Now it turns out that finding SHA-1 collisions is in the reach of a  
dedicated hobbyist or an eccentric genius [1].  Let's put a rough  
number on it.  I might be a little bit off, but you can build a  
COPACOBANA machine for about $10,000 [2], and it can brute-force a 56- 
bit DES key in about six and a half days.  2^52 SHA-1 operations  
should take roughly the same amount of time and money.  As another  
example I guess that distributed computation engines [3] and botnets  
[4] might be able to generate a SHA-1 collision in seconds.

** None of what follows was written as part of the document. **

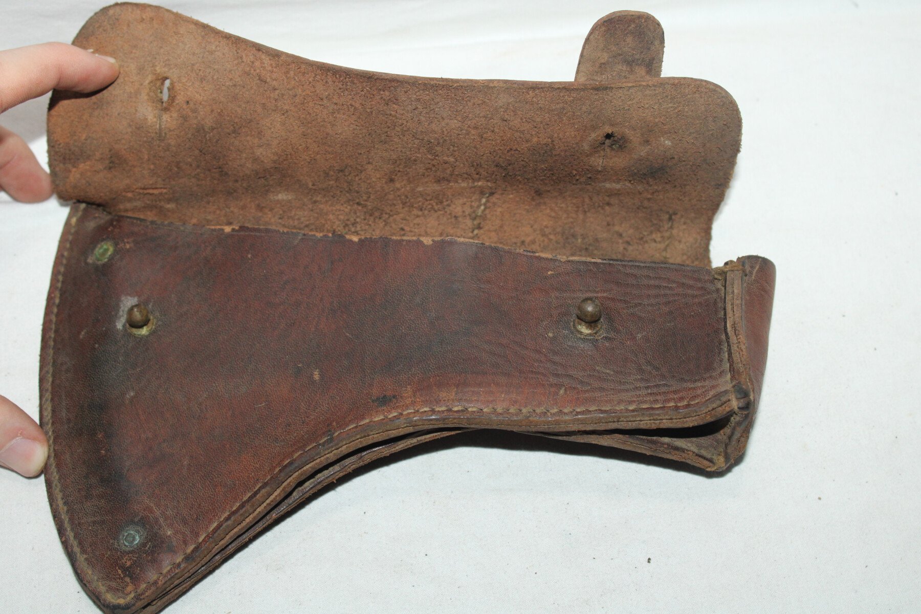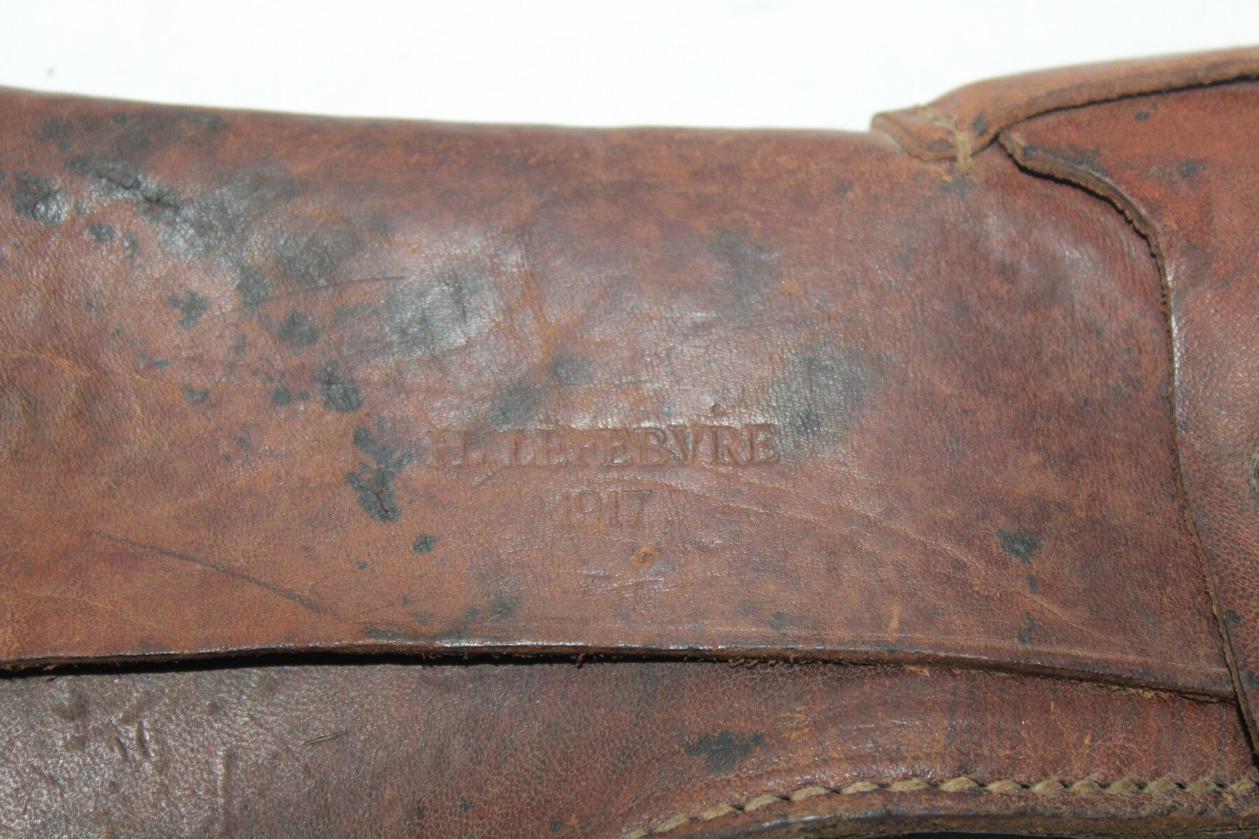 Etui de hache en cuir. Fabrication H.Lefebvre 1917. Complete. Cuir souple.

Plus of course the amplifying effects of birthday attacks and rainbow  
tables and so on mean that the longer you keep your COPACOBANA or  
your botnet generating SHA-1 collisions, the more SHA-1 users around  
the world become vulnerable to you. So basically, if these slides are  
right then relying on SHA-1 collision-resistance has been revealed as  
a major vulnerability!

Almost all hash functions in civilian, open use are either MD5 or  
SHA-1.  For example, decentralized revision control tools such as  
monotone, git, and hg rely on SHA-1.  Interesting times!

As Shawn already correctly pointed out (and as Nathan probably  
already knew), Tahoe doesn't use SHA-1, so we're not affected by this  
new discovery.  Tahoe-LAFS uses SHA-256 (in the "double-hashing" mode  
suggested by Ferguson and Schneier and named "SHA-256d").  We also  
add our own tagging and salting prefix to avoid certain problems.  We  
aren't currently vulnerable to hash collision attacks, and we plan  
never to get into that position (about which more below).

Nonetheless, it would be a very good exercise to spell out what sorts  
of problems could result if attackers could violate what sorts of  
properties of the hash function(s) used in Tahoe.  The basic uses of  
secure hashes in Tahoe are for integrity-checking of immutable files  
and for digital signatures on mutable files and directories.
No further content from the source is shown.